### Task item
Write out each line of the material exactly as given, and drop the images.

### Data section

»»

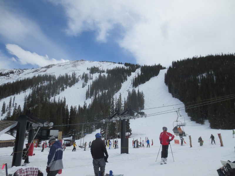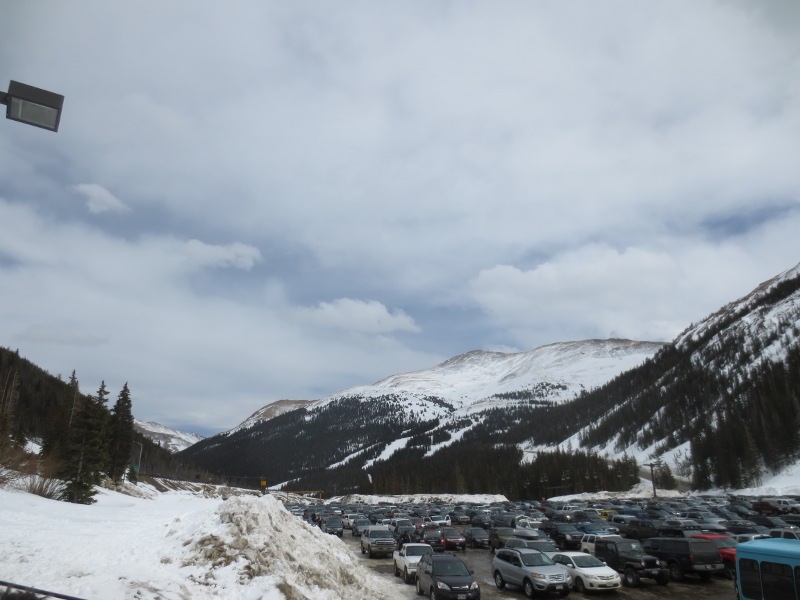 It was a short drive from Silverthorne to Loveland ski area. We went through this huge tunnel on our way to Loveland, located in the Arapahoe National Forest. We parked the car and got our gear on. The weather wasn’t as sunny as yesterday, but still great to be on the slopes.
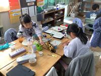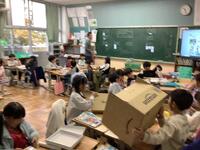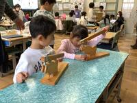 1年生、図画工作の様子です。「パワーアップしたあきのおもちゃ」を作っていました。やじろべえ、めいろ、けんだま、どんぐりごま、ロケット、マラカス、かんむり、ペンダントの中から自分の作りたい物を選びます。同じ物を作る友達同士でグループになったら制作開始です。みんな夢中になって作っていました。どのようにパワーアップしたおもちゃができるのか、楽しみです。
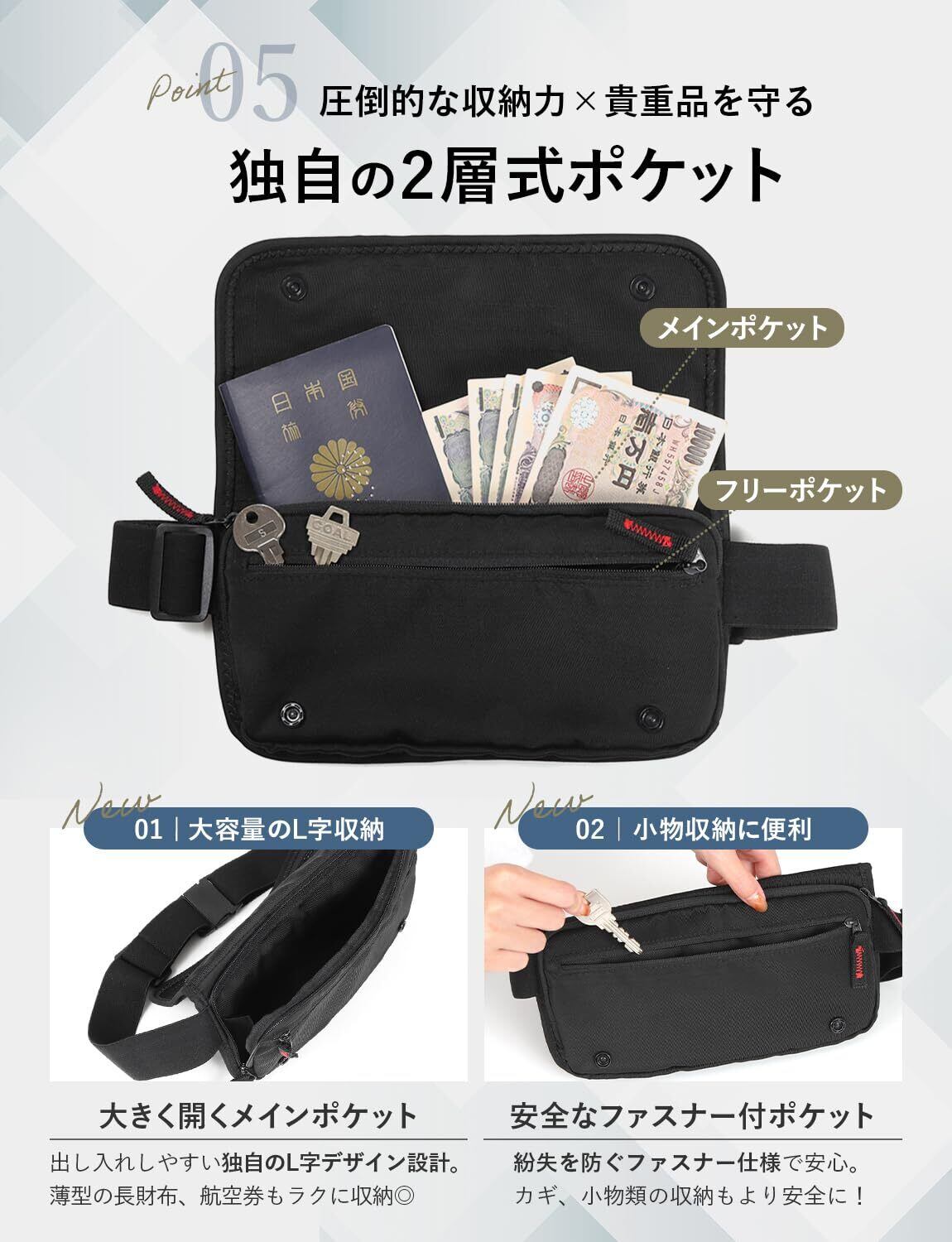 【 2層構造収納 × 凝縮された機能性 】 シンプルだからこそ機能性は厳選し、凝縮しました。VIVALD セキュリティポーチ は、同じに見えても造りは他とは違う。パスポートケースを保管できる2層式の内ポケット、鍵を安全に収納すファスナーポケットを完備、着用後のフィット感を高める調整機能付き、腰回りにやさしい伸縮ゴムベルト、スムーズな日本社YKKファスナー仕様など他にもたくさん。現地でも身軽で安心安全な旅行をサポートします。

««

### Expected output
 It was a short drive from Silverthorne to Loveland ski area. We went through this huge tunnel on our way to Loveland, located in the Arapahoe National Forest. We parked the car and got our gear on. The weather wasn’t as sunny as yesterday, but still great to be on the slopes.
 1年生、図画工作の様子です。「パワーアップしたあきのおもちゃ」を作っていました。やじろべえ、めいろ、けんだま、どんぐりごま、ロケット、マラカス、かんむり、ペンダントの中から自分の作りたい物を選びます。同じ物を作る友達同士でグループになったら制作開始です。みんな夢中になって作っていました。どのようにパワーアップしたおもちゃができるのか、楽しみです。
 【 2層構造収納 × 凝縮された機能性 】 シンプルだからこそ機能性は厳選し、凝縮しました。VIVALD セキュリティポーチ は、同じに見えても造りは他とは違う。パスポートケースを保管できる2層式の内ポケット、鍵を安全に収納すファスナーポケットを完備、着用後のフィット感を高める調整機能付き、腰回りにやさしい伸縮ゴムベルト、スムーズな日本社YKKファスナー仕様など他にもたくさん。現地でも身軽で安心安全な旅行をサポートします。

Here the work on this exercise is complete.